Data entries:
☆ ☆ ☆ ☆

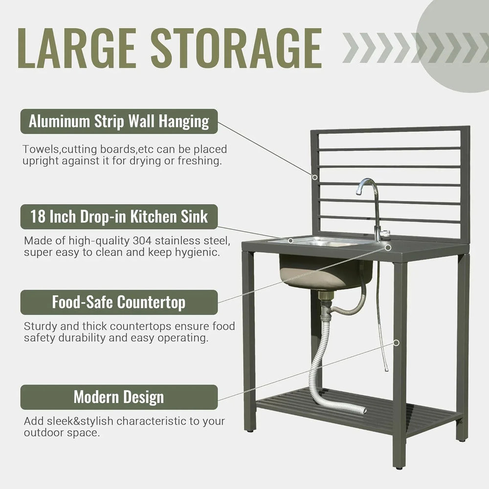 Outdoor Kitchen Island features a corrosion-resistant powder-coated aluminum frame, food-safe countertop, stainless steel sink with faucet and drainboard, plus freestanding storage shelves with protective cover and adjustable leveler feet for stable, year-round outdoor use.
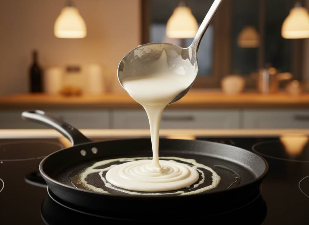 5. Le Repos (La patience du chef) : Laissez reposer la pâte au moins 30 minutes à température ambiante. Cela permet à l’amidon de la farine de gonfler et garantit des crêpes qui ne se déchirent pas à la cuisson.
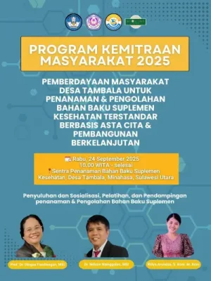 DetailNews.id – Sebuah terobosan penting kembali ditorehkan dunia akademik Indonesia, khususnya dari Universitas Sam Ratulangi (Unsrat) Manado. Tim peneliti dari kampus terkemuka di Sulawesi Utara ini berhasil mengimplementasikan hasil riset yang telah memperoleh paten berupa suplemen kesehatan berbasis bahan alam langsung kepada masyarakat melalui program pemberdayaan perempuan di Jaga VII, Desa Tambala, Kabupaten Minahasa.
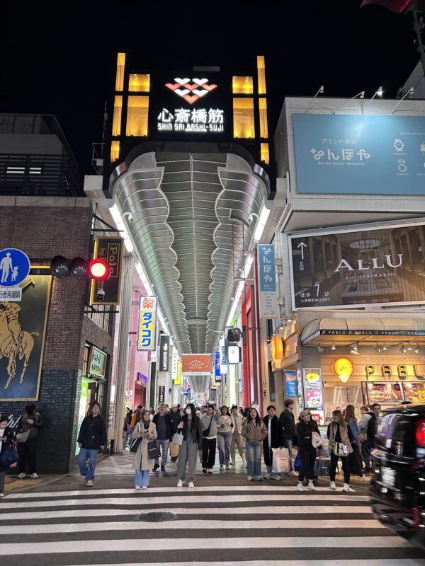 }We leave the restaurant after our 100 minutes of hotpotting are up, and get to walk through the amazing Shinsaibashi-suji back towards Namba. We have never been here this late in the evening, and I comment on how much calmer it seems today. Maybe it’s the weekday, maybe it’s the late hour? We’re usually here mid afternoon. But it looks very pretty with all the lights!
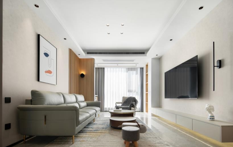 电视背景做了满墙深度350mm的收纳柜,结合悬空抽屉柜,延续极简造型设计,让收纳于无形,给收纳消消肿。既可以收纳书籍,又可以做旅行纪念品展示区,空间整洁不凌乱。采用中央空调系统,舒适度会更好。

☆ ☆ ☆ ☆

Exercise brief: Write out exactly and only the lines that run from the start of the data above through the line containing "5. Le Repos", leaving the pictures out.

Task output:
 Outdoor Kitchen Island features a corrosion-resistant powder-coated aluminum frame, food-safe countertop, stainless steel sink with faucet and drainboard, plus freestanding storage shelves with protective cover and adjustable leveler feet for stable, year-round outdoor use.
 5. Le Repos (La patience du chef) : Laissez reposer la pâte au moins 30 minutes à température ambiante. Cela permet à l’amidon de la farine de gonfler et garantit des crêpes qui ne se déchirent pas à la cuisson.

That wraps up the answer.